Самых великих героев русской революции следует искать не среди ее вождей и, возможно, даже не среди тех, кто погиб, защищая ее на многочисленных фронтах. Их нужно искать среди рабочих, которые, борясь с голодом и холодом, продолжали работать на фабриках и в конторах на протяжении этого ужасного периода блокады, Гражданской войны и разрухи. Возможно, их также следует искать среди тех безымянных комиссаров невысокого ранга, которым приходилось успокаивать этих людей, взывать к их терпению, обещать завтра дать им то, что они не могут получить сегодня. Иногда, когда недовольные становились слишком опасными, а комиссары слишком часто давали обещания, чтобы им можно было верить, обычно просили кого-то из известных вождей, имевших большее влияние или больший авторитет, выступить на тех или иных фабриках, чтобы зажечь в рабочих энтузиазм речами об успехах революции, победах на фронтах, обещаниями революционной помощи из-за границы.
Несколько раз я получала записки: «Товарищ, приезжайте, пожалуйста, сегодня на фабрику X. Сегодня не привезли хлеба, после того как мы его пообещали. Рабочие возмущены. Мы должны успокоить их».
Признаюсь, что я обычно отказывалась ехать. Я слишком хорошо понимала, что происходит в умах этих рабочих, чтобы говорить с ними о чем-либо, кроме хлеба. Мне была ненавистна мысль, что они будут слушать мою агитационную речь на любую другую тему без криков и вмешательства.
Однажды, когда в Москве нехватка продовольствия достигла своего пика, меня пригласили в военное учебное заведение красных командиров, чтобы выступить на собрании, посвященном празднованию годовщины революции. Солдаты, защищающие завоевания революции, питались по первой категории, и для обеда, который должен был предшествовать моей речи, были привезены дополнительные продукты. Когда я вошла в зал до окончания обеда, меня пригласили к столу. Я так давно не питалась регулярно, что боялась есть до своего выступления, чтобы мне не стало плохо, и ответила, что я бы предпочла поесть позже. Более трех тысяч молодых людей встретили меня громкими, продолжительными аплодисментами, а затем последовало мое обращение, встреченное с чрезвычайным вниманием. Когда я описывала страдания и унижения народных масс при капитализме, надежды и достижения революции, то воодушевление, которое она вызвала у рабочих всего мира, они слушали, затаив дыхание, о том, что недалек тот день, когда русский народ будет не одинок в своей попытке строительства нового общества. И хотя я была совершенно измучена к концу речи, по их аплодисментам и сияющим лицам я поняла, что мои слова достигли их сердец и умов. Когда мы возвратились в помещение, где мне был оставлен обед, я надеялась, что пища вернет мне силы. Эта надежда улетучилась, когда я увидела, что поверх еды на моей тарелке образовалась корочка льда. Кухня отапливалась только для приготовления пищи, а с возвращением к обычной температуре московского зимнего дня еда замерзла. Боясь глотать замерзшую пищу в истощенном состоянии, а также боясь обидеть тех, кто меня пригласил, я попросила у них извинения.
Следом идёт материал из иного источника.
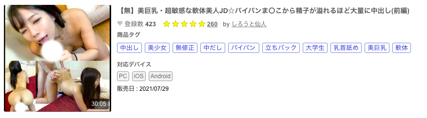 不过这支有码界之前可精彩了,因为她就是个无码人:2020年的时候她就与FC2的卖家「ヒメドウガ」合作拍摄无码片,自此展开在步兵界的奇幻之旅:与BagBang合作演出「【個人撮影】顔出し あみ21歳 Gカップ巨乳の黒髪ロングJDに全身舐めさせ超デカチンを生ハメ大量中出し!!」演出的她是爱吃大阳玩具的G奶长发大学生(FC2-PPV-1642927),与另一位卖家しろうと仙人则是又添加了超软体的演出特色(FC2-PPV-1945341,FC2-PPV-1945346),与下心俊介、ネオペイ也分别在去年下半年拍了三支作品⋯看到这儿我都好奇她干嘛多此一举去有码界发一支名不见经传的作品,没有艺名露出在各大卖片网站根本检索不到她的名字,薪水当然也不是很多(宝生リリー说她拍那种作品只能拿到8000日币),真的就拍心酸的: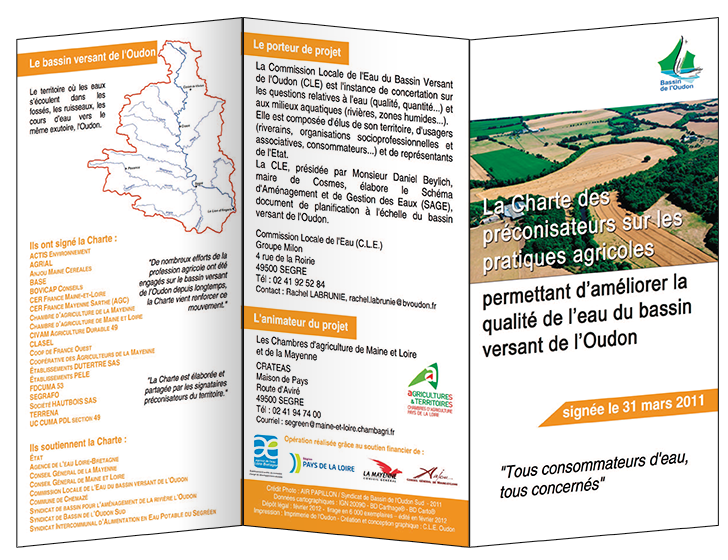La Charte des préconisateurs sur les pratiques agricoles du bassin versant de l’Oudon a été signée une première fois  en 2011.  Elle a été actualisée et signée en 2019 par 20 organismes de conseil présent sur le Bassin de l’Oudon. Cette actualisation a permis d’intégrer les évolutions du contexte agricole, telle la nouvelle directive nitrate, et la notion de gestion quantitative de l’eau, en lien avec le changement climatique. Cette charte entérine l’accord des signataires à promouvoir des conseils communs en faveur de la qualité de l’eau et de sa gestion quantitative.

– Товарищи, я чувствую себя слишком счастливой, слишком взволнованной этим собранием, чтобы есть сейчас, – сказала я.
Когда мы ехали назад в гостиницу, молодой офицер, сопровождавший меня, неожиданно повернулся ко мне и сказал:
– Вы так убедительно говорили о грядущей мировой революции. Мы верим, что она придет. Но будут ли наши руководители с нами, чтобы приветствовать ее, когда она свершится? Некоторые из них уже старые. Другие изнурены работой и голодом.
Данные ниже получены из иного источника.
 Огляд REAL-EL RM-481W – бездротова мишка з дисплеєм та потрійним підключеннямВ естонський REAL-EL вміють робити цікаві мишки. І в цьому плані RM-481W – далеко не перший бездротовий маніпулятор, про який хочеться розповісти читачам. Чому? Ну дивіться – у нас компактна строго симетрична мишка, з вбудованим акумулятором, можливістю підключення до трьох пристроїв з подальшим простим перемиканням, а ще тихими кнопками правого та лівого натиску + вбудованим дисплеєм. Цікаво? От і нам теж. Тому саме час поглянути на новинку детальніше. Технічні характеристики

Я знала, что эта последняя фраза подразумевала меня.
– Почему вы такой пессимист? – спросила я его. – Революция не заставит себя долго ждать, и появятся новые вожди.
После моего изгнания из Швейцарии и союзнической пропаганды, сопровождавшей его, я поняла, что в Западной Европе будет невозможно вести даже послевоенную работу Циммервальдской группе, которая в это время была представлена практически лишь в моем лице. Эта работа в значительной степени состояла в том, чтобы удерживать вместе и поддерживать связь с теми левыми антивоенными силами, которые порвали с господствующей стратегией социал-демократов или выступали против нее. Циммервальдское движение к концу войны стремилось объединить все эти силы в один международный альянс, в котором не главенствовала бы ни одна партия – подобно тому как главенствовали большевики, когда организовали Третий интернационал.